We ask that you read your insurance policy to be fully aware of any limitations of the benefits provided. If you are concerned about coverage for any of our services, please contact your insurance company prior to your visit.
If your insurance company denies coverage, or we otherwise do not receive payment 60 days from filing your claim, the amount will then become due and payable by you.
Remember that your coverage is a contract between you and your insurance company and/or your employer and your insurance company. Although we will make a good faith effort to assist you in obtaining your benefits, we cannot force your insurance company to pay for the services we have provided to you.
Because we realize that every person’s financial situation is different, we provide a variety of payment options.

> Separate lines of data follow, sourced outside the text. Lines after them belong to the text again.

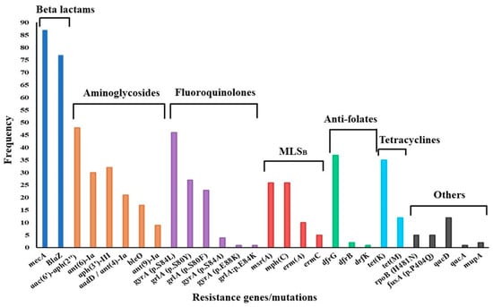 Of the 96 genomes analyzed, 87 were complete, while 9 were dropped because of incompleteness or lower sequencing depths. Whole-genome sequencing coverage (the number of times the whole genome was sequenced) ranged from 30× to 96×, with an average depth of 36×. AMR gene carriage per genome varied between two and thirteen genes. In general, aminoglycoside resistance genes showed the greatest diversity, with the bifunctional acetyltransferase/phosphotransferase aac(6′)-aph(2″) dominating. Further, aac(6′)-aph(2″) was present in all cases of phenotypic resistance to gentamicin. Other aminoglycoside resistance genes occurred in combination, whereby aph(3′)-III was common. Low-affinity dfrG was the most frequently encountered anti-folate resistance determinant (dfrG, n = 37; dfrB, n = 2; dfrK, n = 1), while the tetracycline efflux pump tetK was dominant (tetK, n = 35; tetM, n = 12). Macrolide-lincosamide-streptograminB (MLSB) resistance-conferring methylase genes ermA and ermC were rarely encountered, as shown in Figure 3. MSB resistance genes msrA and mphC were encountered equally frequently. Among mutations conferring fluoroquinolone resistance in the quinolone resistance-determining region (QRDR), the gyrA serine-leucine substitution (S84L)/grlA serine-tyrosine substitution (S80Y) combination of mutations was the most frequent. Consistent with a lack of phenotypic resistance, there were no determinants suggestive of resistance against vancomycin, teicoplanin, linezolid, or tigecycline.
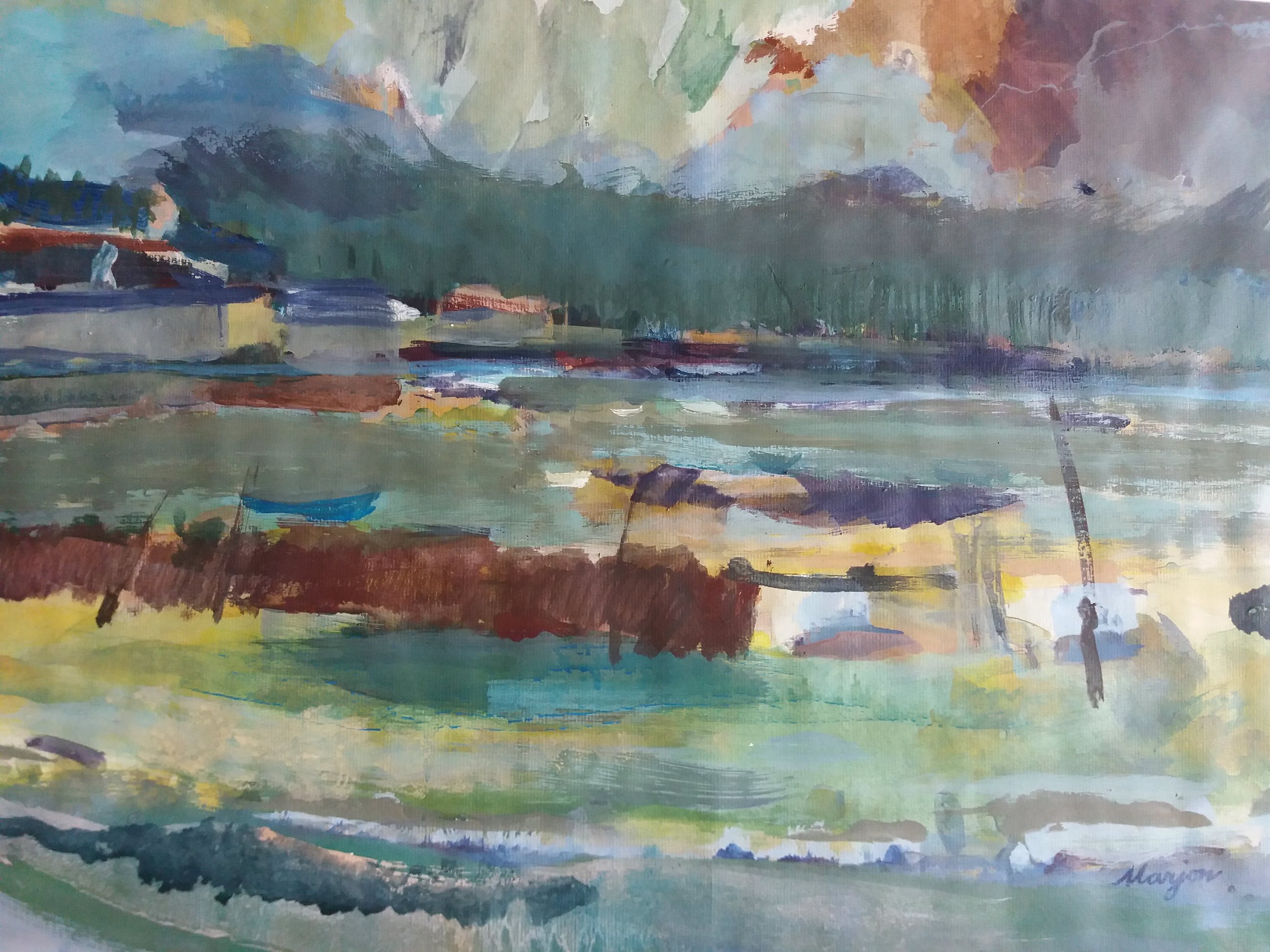 Kenmerkende gouache van de kust van Frankrijk. Datering geschat op 70-er jaren.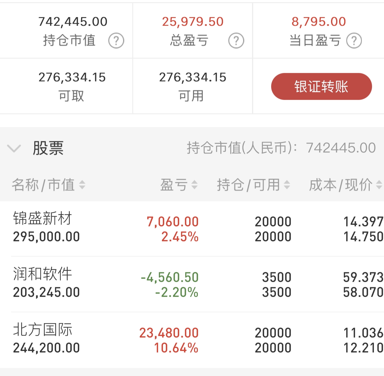 10.22记录北方国际,润和软件,锦盛新材不动。个人操作记录分享,不构成投资建议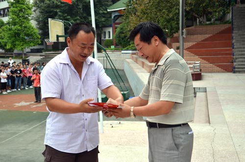云阳双江中学李诚同学的父亲从三峡之子联合会副会长王茂手中接过了荣誉证书及奖金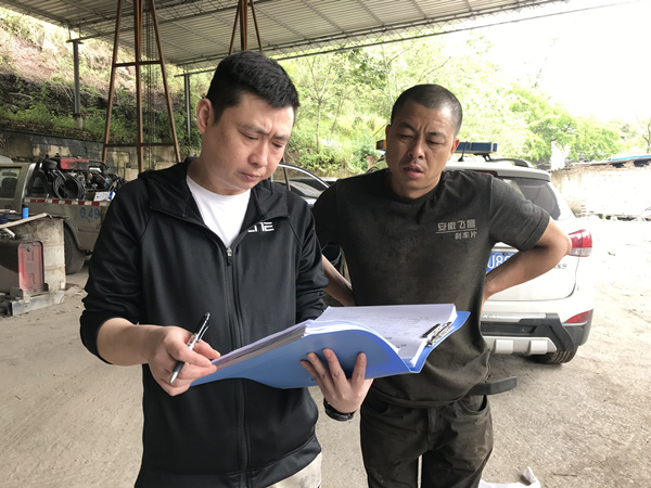 回訪涉嫌成品油非法經(jīng)營的企業(yè)。北碚區(qū)交通局供圖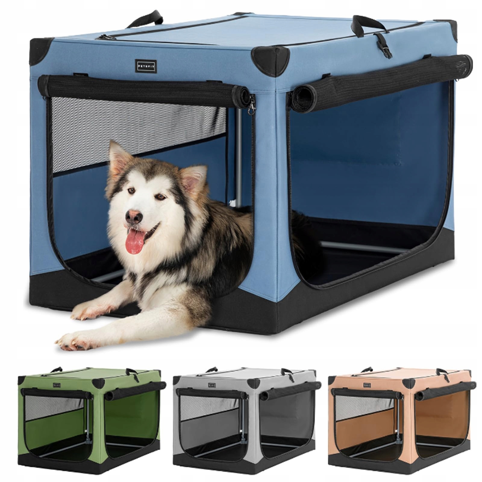 Petsfit Transportbox, Regulowana Pokrywa z Tkaniny ze Spiralną Rurką Żelazną, Składana Transportbox dla Psa do Samochodu z 3-drzwiowym Projektem, Łatwa do Przenoszenia, Łatwa do Przechowywania, XL, Niebieska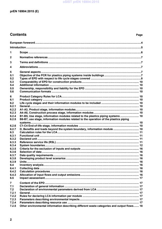 Zusätzlich zu den allgemeinen Teilen der EN 15804 legt diese Europäische Norm zu europäischen Kunst¬stoff-Rohrleitungssystemen innerhalb von Gebäuden Folgendes fest: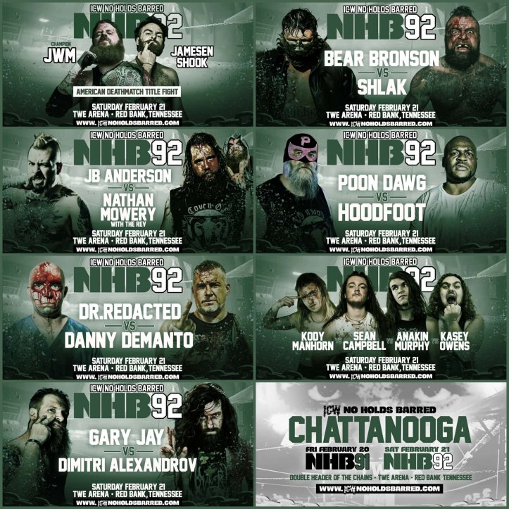 ICW No Holds Barred 2/21/2026 NHB 92 results from the TWE Arena in Red Bank, Tennessee. The event streamed live on IWTV.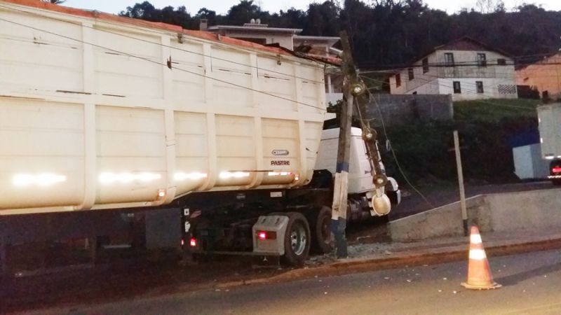 03/08/2015 Uma carreta quebrou um poste no início da manhã desta segunda-feira (03) no município de Lacerdópolis. O acidente aconteceu por volta das 06h30 quase em frente ao terminal rodoviário. O motorista estava manobrando para sair da garagem quando atingiu o poste da CELESC. Cabos de energia ficaram pendurados e a Polícia Militar (PM) isolou a área até a chegada dos técnicos da CELESC. Ninguém ficou ferido, apenas danos materiais foram registrados.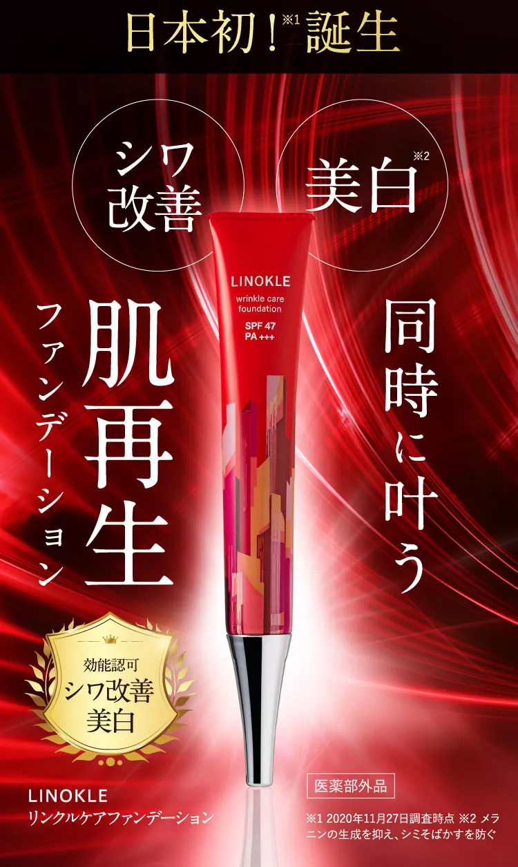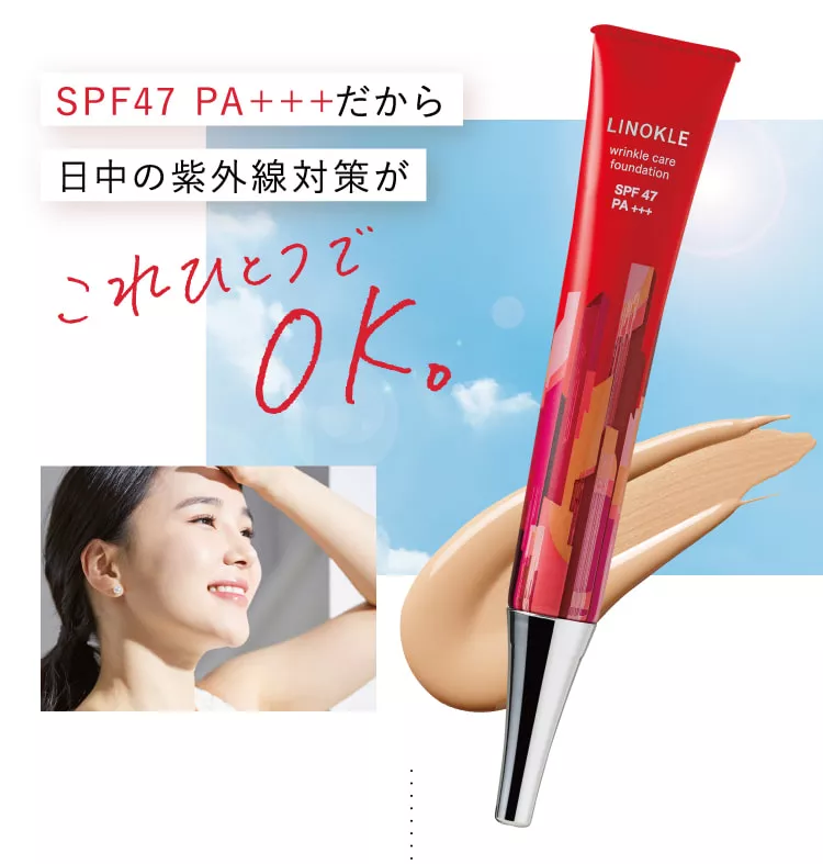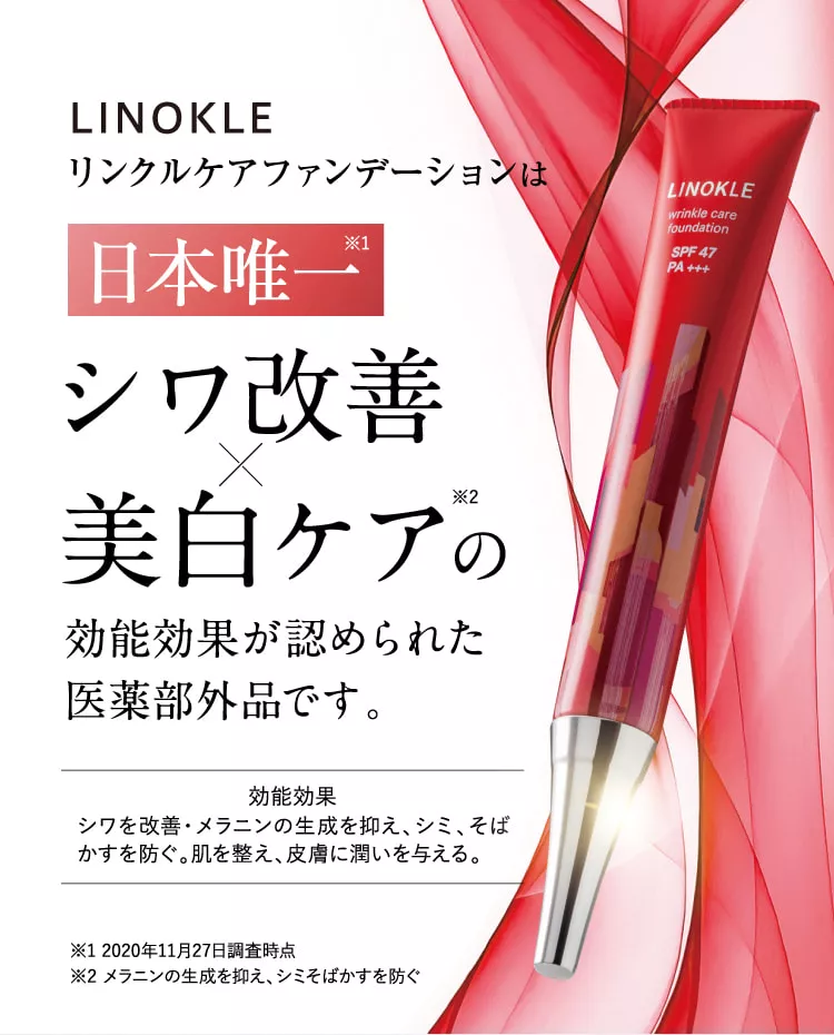 そんな悩みをもつ人にはリノクルがおすすめです。リノクルは期待のメーキャップ効果に加えスキンケアも同時にできるファンデーションです。乾燥によるシワや日焼けによるシミのケアに対応した成分*を配合した医薬部外品で、口コミでも高い評価を集めています。

We gladly reserve appointment times for you and appreciate that you have chosen the Center for Digestive Healing for your care. As a courtesy, we will remind you of your appointment by calling and/or text/emailing you 7 and 1 day(s) prior to your scheduled date and time. If we cannot speak to you directly, we will leave a message for you. However, in the event your mailbox is full or your line is busy, our efforts to contact you may be unsuccessful. An appointment is a contract of time reserved for your treatment. We respect our patient’s valuable time and we request the same courtesy from our patients. Please extend this courtesy should you need to cancel and/or reschedule your appointment.
Assignment and Release:
I authorize payment to be made directly to Center for Digestive Healing by my insurance company, and I accept financial responsibility for all services not covered by my insurance. I authorize release of any medical care information requested by my insurance company. My signature below acknowledges that I have read and understand this information.
Make a Payment:
Center for Digestive Healing is committed to making our billing process as simple and easy as possible.
Popmoney® is a payment service that allows people to transfer money between bank accounts. Check out their digital banking services here.
HIPAA/Patient Consent Policy:
Notice of Privacy Practices Written Agreement:
I have read a copy of Center for Digestive Healing's Notice of Privacy Practices. I understand a written copy will be provided to me at any time upon my request. I understand Center for Digestive Healing has a link to the Notice of Privacy Practices on the practice Patient Portal.